Your database is the foundation of your product. We help you choose the right database technology, design schemas that perform at scale, and implement data strategies that grow with your business.
Every feature your product offers ultimately reads from or writes to a database. The design of your database, including schema structure, indexing strategy, query patterns, and technology selection, determines how fast those features perform, how reliably they operate, and how easily new features can be added. Database design consulting ensures this foundation supports rather than constrains your product.
Database design mistakes are among the most expensive to fix because they affect every part of the application. A poorly normalized schema forces data duplication and consistency headaches. Missing indexes cause queries to scan entire tables. Inappropriate technology choices create mismatches between your data model and your query patterns.

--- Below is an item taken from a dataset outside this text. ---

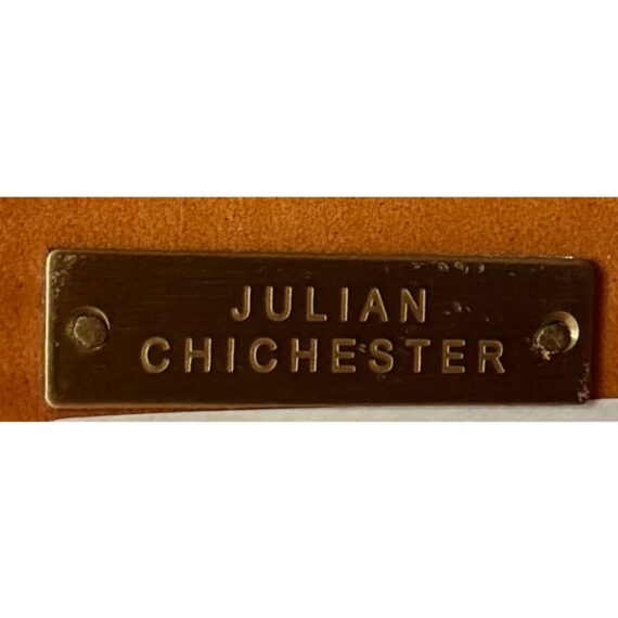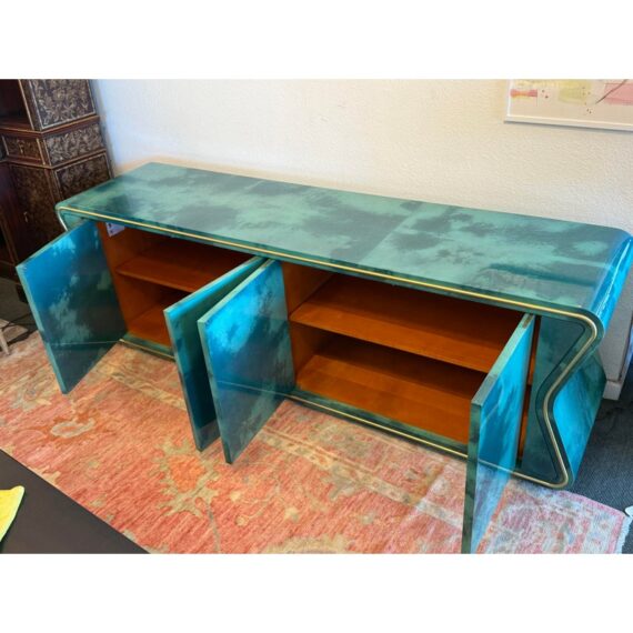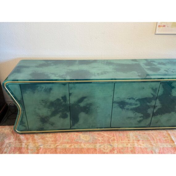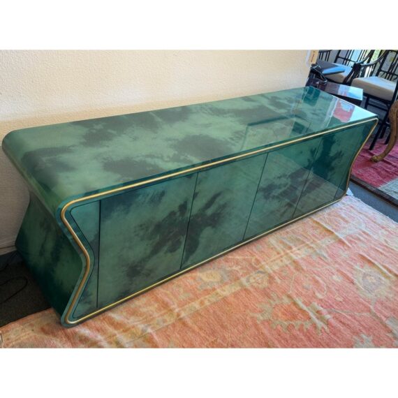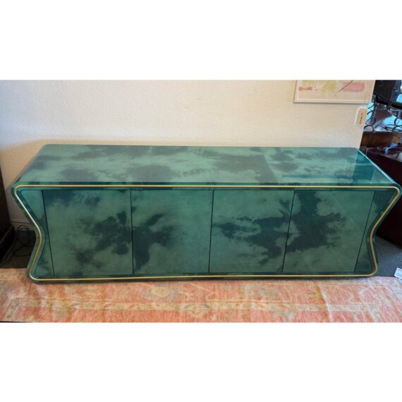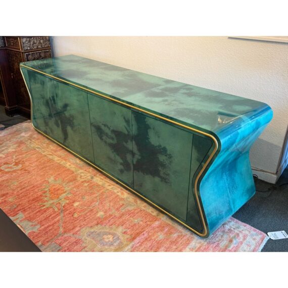 Design Plus Gallery presents the Deneuve Teal Cabinet from Julian Chichester. The stunning storage cabinet has a surprising silhouette with an teal green finish. The vellum wrap is hand applied of natural skin, each unique, while variations in shade + tone is protected with a gloss finish. The shape is detailed with hand hammered brass trim. Push to open doors open to reveal roomy stained interior storage with adjustable solid wood shelves. Elevated slightly on brass trimmed disc shaped feet. Showroom sample condition.

At Arthiq, we have designed databases for social media management platforms, invoicing systems, and AI agent tools. Each domain has distinct data requirements: high-write-throughput for social media events, strict consistency for financial records, and efficient similarity search for AI retrieval. This range of experience informs our consulting with pattern recognition across diverse use cases.
The database landscape offers dozens of options across relational, document, key-value, graph, time-series, and vector categories. We help you cut through the noise and select the technology that matches your data model and access patterns.
PostgreSQL is our default recommendation for most applications because of its flexibility, performance, and ecosystem maturity. It handles relational data, JSON documents, full-text search, and even vector operations, reducing the need for additional specialized databases. We add MongoDB for truly schema-less workloads, Redis for caching and real-time features, ClickHouse for analytical queries, and Pinecone or pgvector for AI similarity search.
We evaluate managed versus self-hosted options based on your team operational capacity, cost sensitivity, and customization needs. Managed services like Amazon RDS, Google Cloud SQL, and PlanetScale reduce operational burden at the cost of some flexibility and higher per-unit pricing. Self-hosted options provide maximum control but require dedicated database administration skills.
Schema design balances normalization for data integrity against denormalization for query performance. We design schemas that are normalized for transactional workloads where data consistency is paramount, and strategically denormalized for read-heavy workloads where query speed is the priority.
We model your entities, relationships, and access patterns before writing any schema definition language. This modeling phase identifies the queries your application will run most frequently and designs the schema to serve them efficiently. We also plan for anticipated growth, choosing data types and structures that accommodate future requirements without schema rewrites.
Migration strategy is part of our schema design. We design schemas with forward-compatible migration in mind, using techniques such as nullable columns, default values, and additive changes that allow schema evolution without downtime. For applications that require zero-downtime migrations, we design dual-write patterns and background migration processes.
Indexes are the primary tool for database performance tuning, but they are not free. Each index speeds up reads at the cost of slower writes and additional storage. We design indexing strategies that optimize for your actual query patterns, adding indexes that provide significant read improvement while minimizing write overhead.
We analyze your most frequently executed and most resource-intensive queries using EXPLAIN plans and query profiling. For each problematic query, we evaluate whether the solution is a better index, a rewritten query, a schema adjustment, or a caching layer. Often, a combination of approaches produces the best result.
We also implement query monitoring that alerts on new slow queries as they appear. As your application evolves, new features introduce new query patterns that may not be well-served by existing indexes. Continuous monitoring catches these issues before they affect user experience.
Databases are often the first system component to reach scaling limits. We design scaling strategies that extend your database capacity as your product grows, from simple optimizations to distributed architectures.
The first scaling lever is query optimization and caching, which often provides an order of magnitude improvement without architectural changes. Read replicas handle the next growth phase by distributing read queries across multiple database instances. Connection pooling with tools like PgBouncer prevents connection exhaustion under high concurrency.
For applications that outgrow a single primary database, we design partitioning strategies that distribute data across shards. Horizontal sharding requires careful key design and introduces complexity in cross-shard queries, so we implement it only when simpler approaches are insufficient. We also evaluate whether different workloads, such as transactional and analytical, should be served by separate database systems using a command query responsibility segregation pattern.
Your database design determines how fast your product can be and how easily it can grow. We help you get it right from the start or fix what is holding you back.